- Dataset extract:
-.-.-

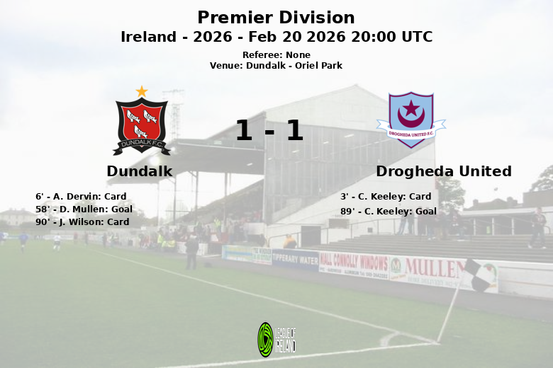 Le match s’est terminé par un carton jaune pour J. Wilson de Dundalk à la 90e minute. Malgré la domination territoriale de Dundalk et leur plus grand nombre de corners (7 contre 3), Drogheda United s’est révélé être un adversaire tenace, rapportant un point précieux de sa visite à Oriel Park.
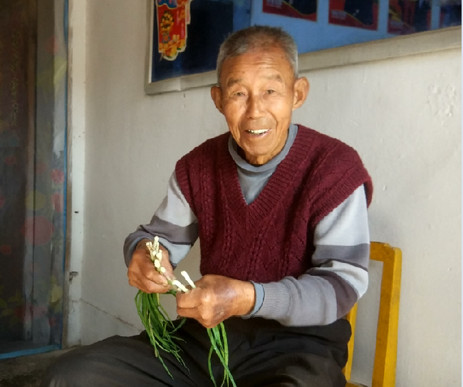 李朋友飲食比較清淡,少肉多素,油鹽也不多。每天下午2點(diǎn)左右,他會(huì)定時(shí)喝些兒孫們孝敬給他享用的腦白金、牛奶等營養(yǎng)品。每月有近7000元的工資,想買什么就買什么,那么多子女一個(gè)也不過問,只是由著他怎么處理,但老人從不亂花瞎用。老人很會(huì)做人,也會(huì)討兒孫們的歡心,每當(dāng)他用存單積攢到6萬元錢時(shí),就會(huì)6個(gè)子女一家1萬地均分,讓兒孫們貼補(bǔ)家用。李朋友對子女出手大方,教育投入上一點(diǎn)也不含糊,一定要他們練好書,學(xué)會(huì)技能,所以他的子孫都在自食其力地工作,這讓李朋友很是欣慰。當(dāng)然,李朋友在兒孫中威望極高,逢年過節(jié)20多個(gè)子孫紛紛來到家中團(tuán)聚,給老人帶來孝敬的物品,為老人請安祝福,讓老人的晚年生活充滿了快樂!圖為李朋友老人在做晾被栽菜和擇菜時(shí)的鏡頭。
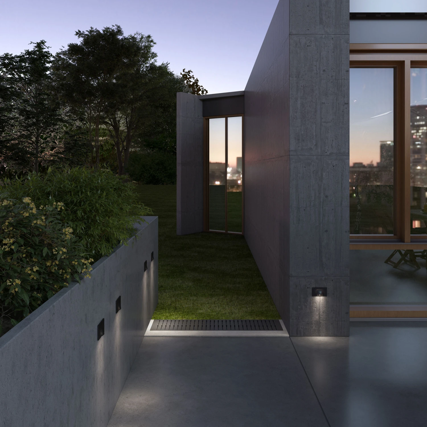 The Horizontal LED Step Light with Eyelid is ideal for decks and stairs in indoor and outdoor applications. Die-cast aluminum housing with faceplate available in White, Black, or Silver Grey finish. Non-visible hardware. 120VAC direct connection. Fits on a standard junction box (3 inch length x 2 inch wide x 2.5 inch depth). Junction box must be mounted horizontally. ETL listed. Recommended dimmers: Dals Smart Dimmer SM-DIMSW, Leviton 6615P, Leviton VPE06-1LZ, Lutron CTCL-153P, Lutron DVELV-300P, Lutron SELV-300P.

-.-.-

- Your assignment:
Print the preceding material over again exactly. Please leave the pictures out.

- Exercise solution:
 Le match s’est terminé par un carton jaune pour J. Wilson de Dundalk à la 90e minute. Malgré la domination territoriale de Dundalk et leur plus grand nombre de corners (7 contre 3), Drogheda United s’est révélé être un adversaire tenace, rapportant un point précieux de sa visite à Oriel Park.
 李朋友飲食比較清淡,少肉多素,油鹽也不多。每天下午2點(diǎn)左右,他會(huì)定時(shí)喝些兒孫們孝敬給他享用的腦白金、牛奶等營養(yǎng)品。每月有近7000元的工資,想買什么就買什么,那么多子女一個(gè)也不過問,只是由著他怎么處理,但老人從不亂花瞎用。老人很會(huì)做人,也會(huì)討兒孫們的歡心,每當(dāng)他用存單積攢到6萬元錢時(shí),就會(huì)6個(gè)子女一家1萬地均分,讓兒孫們貼補(bǔ)家用。李朋友對子女出手大方,教育投入上一點(diǎn)也不含糊,一定要他們練好書,學(xué)會(huì)技能,所以他的子孫都在自食其力地工作,這讓李朋友很是欣慰。當(dāng)然,李朋友在兒孫中威望極高,逢年過節(jié)20多個(gè)子孫紛紛來到家中團(tuán)聚,給老人帶來孝敬的物品,為老人請安祝福,讓老人的晚年生活充滿了快樂!圖為李朋友老人在做晾被栽菜和擇菜時(shí)的鏡頭。
 The Horizontal LED Step Light with Eyelid is ideal for decks and stairs in indoor and outdoor applications. Die-cast aluminum housing with faceplate available in White, Black, or Silver Grey finish. Non-visible hardware. 120VAC direct connection. Fits on a standard junction box (3 inch length x 2 inch wide x 2.5 inch depth). Junction box must be mounted horizontally. ETL listed. Recommended dimmers: Dals Smart Dimmer SM-DIMSW, Leviton 6615P, Leviton VPE06-1LZ, Lutron CTCL-153P, Lutron DVELV-300P, Lutron SELV-300P.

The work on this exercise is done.